The Voice of Osama
bin Laden
Osama's voice on tape proves that the
leader of al Qaeda is still alive. Or does it?
by
Richard A. Muller
Technology for Presidents
On January 4, Al
Jazeera broadcast yet another audio tape purported to be from Osama bin Laden,
in which he exhorted his followers to 'continue the jihad.' The voice referred
to the capture of Saddam Hussein, proving the tape was recent. An anonymous CIA
official confided to the New York Times: 'It is likely the voice of Osama bin
Laden.' In an interview with CBS, Homeland Security Secretary Tom Ridge agreed.
I pronounced bin
Laden dead in my May 2002 and September 2002
columns. Am I ready to retract this claim, and to pay off several bets I made
back then? No, not yet. I think Osama bin Laden is still dead. And I don't
think I'm just being stubborn. To understand my logic, consider the following
three issues: the state of the antiterrorism effort, the technology of voice
identification, and the most likely alternative hypothesis that could explain
the audio tape.
Despite the
distractions of Iraq War II, the U.S. antiterrorism effort has remained
remarkably strong. The U.S.A. Patriot Act treads on our civil rights–but
it also makes it difficult for terrorists to operate in our homeland. Secretive
organizations cannot easily regroup when a few of their key links are
disrupted, whether through wiretapping, surveillance, or arrest. What do you do
when your one and only contact is gone? Al Qaeda may not be defeated, and it
can still send suicide bombers against soft targets, but its organization must
certainly be in a state of disarray.
Moreover,
experts I've consulted with tell me that cooperation between the United States
and foreign antiterrorist organizations remains strong, even in 'old Europe.'
Political disagreements about the wisdom of invading Iraq have not interfered
with the shared recognition of the dangers of terrorism. That is not
surprising; even France and Germany know that Osama didn't like them much more
than he liked the United States.
All that adds up
to a tough time for al Qaeda, and it and its sympathizers desperately need
encouragement from their charismatic leader. That is, of course, why the tapes
were made and broadcast. But why were they audio and not video? The voice
sounds right, but video would have been more convincing. Video recorders are
cheap and small. Osama could put all doubt to rest by releasing a film of him
holding up a recent newspaper of Saddam's capture. Prior to Tora Bora, videos
of him were the norm. What happened?
I can find only
two plausible explanations. One is that Osama bin Laden is severely ill or
wounded, and does not want the world to know it. The other is that he is dead,
and the audio tape is faked. But how could the counterfeiter do a good enough
job to fool experts?
Voice
recognition is a rapidly developing technology, thanks to the availability of
cheap computing power. You've probably seen a 'voice print,' a plot of
frequency density vs. time; music editing software makes them on personal
computers. Old voice recognition analysis made matches between sets of such
plots. Modern voice identification systems, which seek to have low false-alarm
rates even in the presence of noise, tend to depend more heavily on a technique
known as 'feature analysis.' A feature is a peculiar twist in the voice, often
a tell-tale transition between phonemes with different pitches. These are not
readily heard by listeners, but they can be picked out in a digital analysis.

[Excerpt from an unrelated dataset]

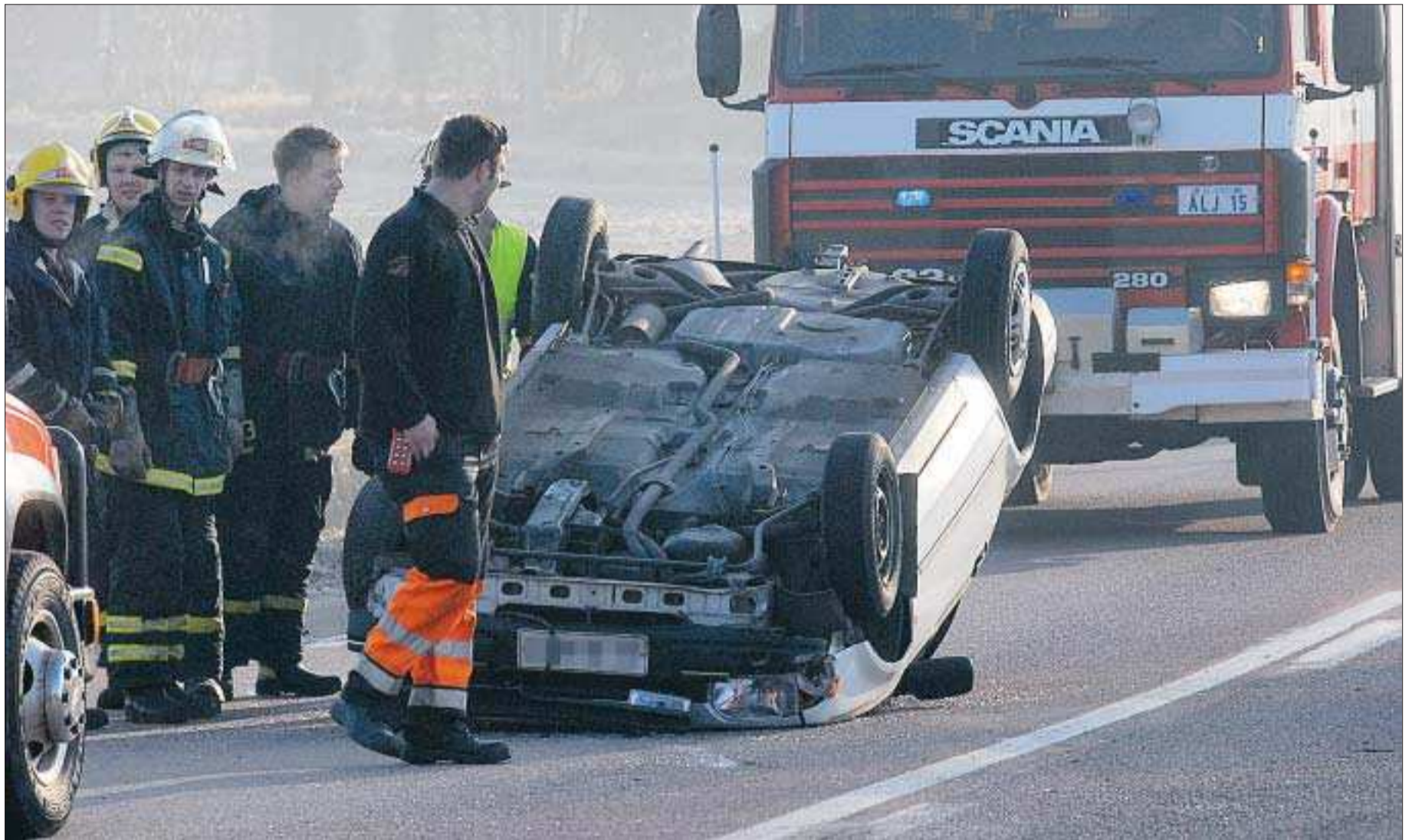
Aldrig bil igen. Bilen voltade och blev liggande på taket mitt i körfältet.

Patterns of such glitches are unique identifiers, much like the ridge
bifurcations and other minutiae of fingerprint patterns are the keys in
fingerprint identification.
Voice
identification systems are already in widespread use around the world. They
are employed at the Canadian border to identify and track frequent
travelers, and in Britain to verify the compliance of young parolees. U.S.
companies, including Chase Manhattan Bank, Charles Schwab, and Prudential
Securities, use voice identification to control access to secure areas and
records. Visa is hoping to replace credit card verification personal
identification numbers with voice recognition; a computer will compare features
of your voice with those stored in the credit card chip.
With such a
success record, shouldn't voice recognition software work reliably to identify
Osama, or to reject an imitator? Unfortunately, the Al Jazeera tapes are not
high quality -- probably no better than telephone sound. That's good enough to
detect some kinds of deception, but not all. Here are three possibilities:
1. The tape
was made by an impressionist trying to imitate bin Laden's voice. Good impressionists
can mimic the tone and pacing of their subject, but they often overemphasize
obvious quirks, much as a caricaturist exaggerates dominant physical
features. That makes it amusing to hear, but it won't fool an analyst.

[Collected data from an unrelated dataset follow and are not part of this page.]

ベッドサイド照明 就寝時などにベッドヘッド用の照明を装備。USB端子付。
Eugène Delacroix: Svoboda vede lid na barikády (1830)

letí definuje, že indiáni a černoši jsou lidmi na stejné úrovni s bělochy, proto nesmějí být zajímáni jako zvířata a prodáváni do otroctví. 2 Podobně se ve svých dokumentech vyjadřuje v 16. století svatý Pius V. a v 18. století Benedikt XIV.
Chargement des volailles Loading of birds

Impressionists are not good at catching the more subtle features that even
simple voice recognition software uses. This kind of counterfeit can almost
certainly be ruled out.
2. The tape
was made by cutting and pasting true excerpts from bin Laden's past speeches.
Much of the tape could be unchanged from a prior recording. The tough part for
the counterfeiter was adding mention of Saddam's capture, where words and
phrases had to be rearranged. To detect such a forgery, a good analyst would
listen for discontinuities in the background noise, or small blips indicating
the tape was spliced. Digital processing by the tape maker can remove such
artifacts, but they leave behind their own; low-pass filters, for example,
create easily detected changes in the spectrum of the background hiss. (That's
why true audiophiles dislike noise suppression filters. It is readily noticed
by a trained ear.) Such cutting and pasting, even with digital filtering, would
have been detected by the CIA. Digital processing can be detected in other
ways; for example, it sometimes generates false frequencies (called aliases).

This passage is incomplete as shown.